- _Task objective_
As output, give the exact lines from the one containing "Магнитные бури в" through the end of the listing below, both included, without the pictures.
━━━ Stored data
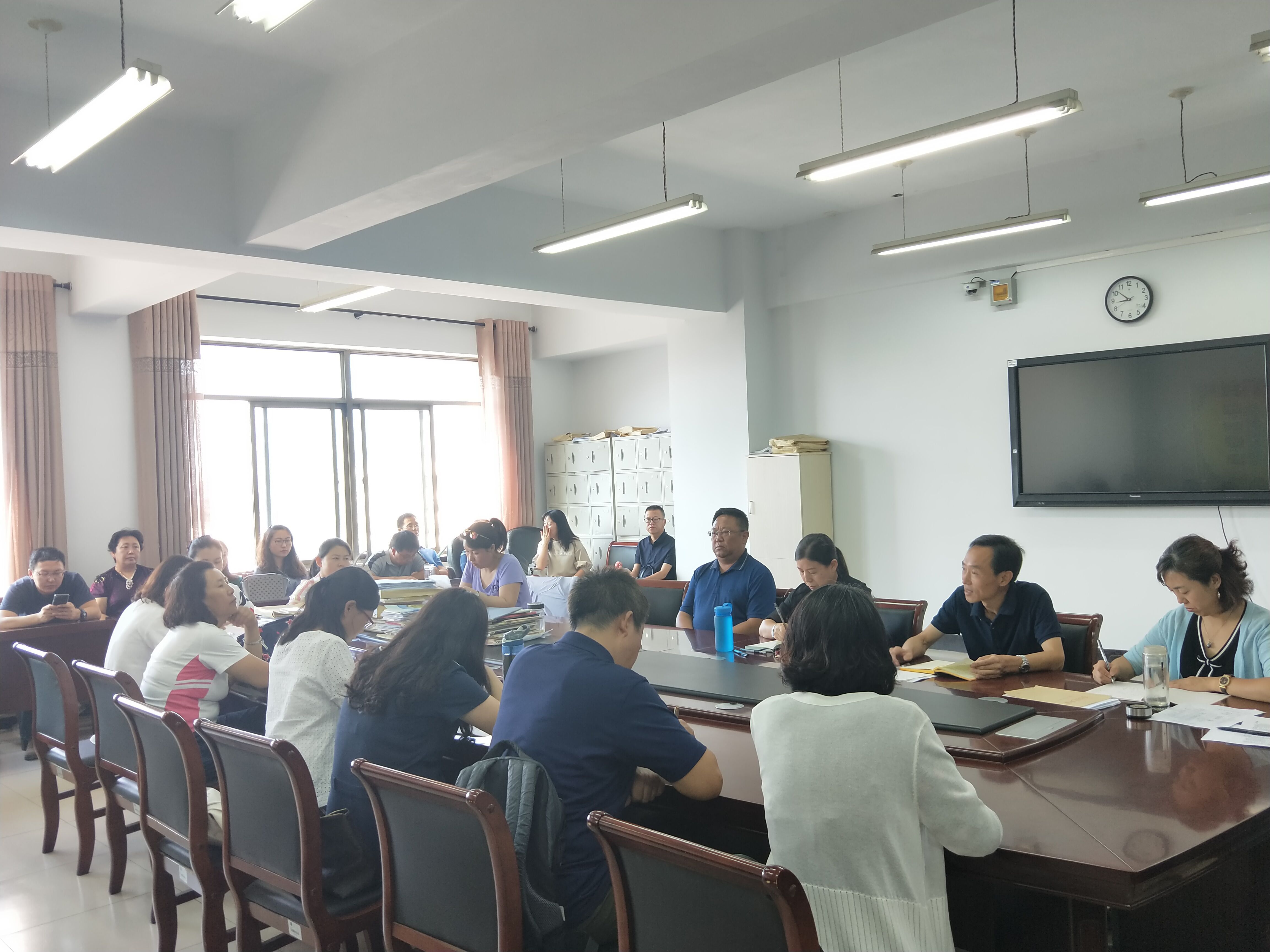 2018年8月24日上午,外语系在系会议室召开学期初教学工作会议。会议由系主任肖查娜主持,外语系党总支书记布和朝鲁、副书记红梅、副主任苏日嘎拉图、全体在编教师及外聘教师参加了会议。
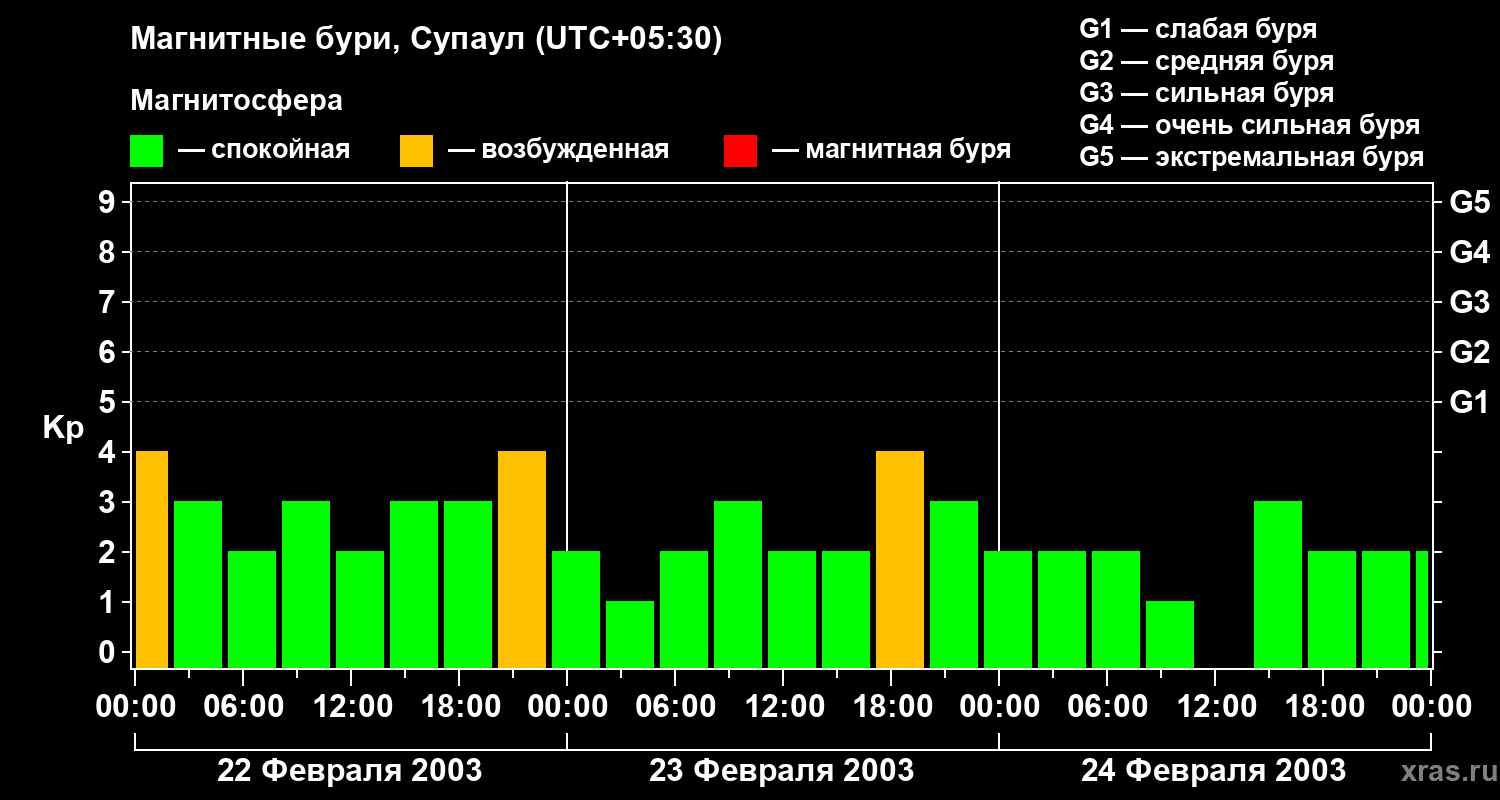 Магнитные бури в Супауле — 24 февраля 2003 года
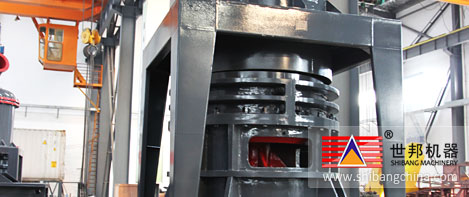主機(ji)(ji)電動(dong)機(ji)(ji)通(tong)過減速器(qi)帶(dai)動(dong)主軸及各(ge)層轉盤旋轉,轉盤通(tong)過柱銷帶(dai)動(dong)幾十個(ge)環輥(gun)在(zai)磨(mo)環滾(gun)(gun)道(dao)內(nei)滾(gun)(gun)動(dong)并(bing)旋轉。大塊物(wu)(wu)料(liao)(liao)(liao)經(jing)(jing)(jing)錘式破碎(sui)(sui)(sui)機(ji)(ji)破碎(sui)(sui)(sui)成小(xiao)顆粒后由(you)提升機(ji)(ji)送入(ru)儲料(liao)(liao)(liao)倉,電磁振動(dong)給料(liao)(liao)(liao)機(ji)(ji)將物(wu)(wu)料(liao)(liao)(liao)均勻的(de)(de)(de)送到上轉盤的(de)(de)(de)中部,物(wu)(wu)料(liao)(liao)(liao)在(zai)離心力的(de)(de)(de)作用下(xia)散向圓周邊,并(bing)落入(ru)磨(mo)環的(de)(de)(de)滾(gun)(gun)道(dao)內(nei)被環輥(gun)沖壓、滾(gun)(gun)碾、研(yan)磨(mo)而粉(fen)碎(sui)(sui)(sui),物(wu)(wu)料(liao)(liao)(liao)經(jing)(jing)(jing)層粉(fen)碎(sui)(sui)(sui)后落入(ru)層及第(di)三層,高(gao)壓離心風機(ji)(ji)的(de)(de)(de)抽吸(xi)作用將外部空氣吸(xi)入(ru)機(ji)(ji)內(nei),并(bing)經(jing)(jing)(jing)過第(di)三層粉(fen)碎(sui)(sui)(sui)后的(de)(de)(de)粗粉(fen)帶(dai)入(ru)選粉(fen)機(ji)(ji)內(nei)。選粉(fen)機(ji)(ji)內(nei)旋轉的(de)(de)(de)渦輪(lun)使粗顆粒物(wu)(wu)料(liao)(liao)(liao)回落重磨(mo),細粉(fen)則(ze)隨(sui)氣流進入(ru)旋風集粉(fen)器(qi)并(bing)由(you)其下(xia)部的(de)(de)(de)卸料(liao)(liao)(liao)閥排出即為成品,而帶(dai)有少(shao)量細粉(fen)塵(chen)的(de)(de)(de)氣流則(ze)經(jing)(jing)(jing)過脈(mo)沖除塵(chen)器(qi)凈(jing)化后通(tong)過風機(ji)(ji)和消聲器(qi)排出。
━━━━━━
- _Exercise solution_
 Магнитные бури в Супауле — 24 февраля 2003 года
主機(ji)(ji)電動(dong)機(ji)(ji)通(tong)過減速器(qi)帶(dai)動(dong)主軸及各(ge)層轉盤旋轉,轉盤通(tong)過柱銷帶(dai)動(dong)幾十個(ge)環輥(gun)在(zai)磨(mo)環滾(gun)(gun)道(dao)內(nei)滾(gun)(gun)動(dong)并(bing)旋轉。大塊物(wu)(wu)料(liao)(liao)(liao)經(jing)(jing)(jing)錘式破碎(sui)(sui)(sui)機(ji)(ji)破碎(sui)(sui)(sui)成小(xiao)顆粒后由(you)提升機(ji)(ji)送入(ru)儲料(liao)(liao)(liao)倉,電磁振動(dong)給料(liao)(liao)(liao)機(ji)(ji)將物(wu)(wu)料(liao)(liao)(liao)均勻的(de)(de)(de)送到上轉盤的(de)(de)(de)中部,物(wu)(wu)料(liao)(liao)(liao)在(zai)離心力的(de)(de)(de)作用下(xia)散向圓周邊,并(bing)落入(ru)磨(mo)環的(de)(de)(de)滾(gun)(gun)道(dao)內(nei)被環輥(gun)沖壓、滾(gun)(gun)碾、研(yan)磨(mo)而粉(fen)碎(sui)(sui)(sui),物(wu)(wu)料(liao)(liao)(liao)經(jing)(jing)(jing)層粉(fen)碎(sui)(sui)(sui)后落入(ru)層及第(di)三層,高(gao)壓離心風機(ji)(ji)的(de)(de)(de)抽吸(xi)作用將外部空氣吸(xi)入(ru)機(ji)(ji)內(nei),并(bing)經(jing)(jing)(jing)過第(di)三層粉(fen)碎(sui)(sui)(sui)后的(de)(de)(de)粗粉(fen)帶(dai)入(ru)選粉(fen)機(ji)(ji)內(nei)。選粉(fen)機(ji)(ji)內(nei)旋轉的(de)(de)(de)渦輪(lun)使粗顆粒物(wu)(wu)料(liao)(liao)(liao)回落重磨(mo),細粉(fen)則(ze)隨(sui)氣流進入(ru)旋風集粉(fen)器(qi)并(bing)由(you)其下(xia)部的(de)(de)(de)卸料(liao)(liao)(liao)閥排出即為成品,而帶(dai)有少(shao)量細粉(fen)塵(chen)的(de)(de)(de)氣流則(ze)經(jing)(jing)(jing)過脈(mo)沖除塵(chen)器(qi)凈(jing)化后通(tong)過風機(ji)(ji)和消聲器(qi)排出。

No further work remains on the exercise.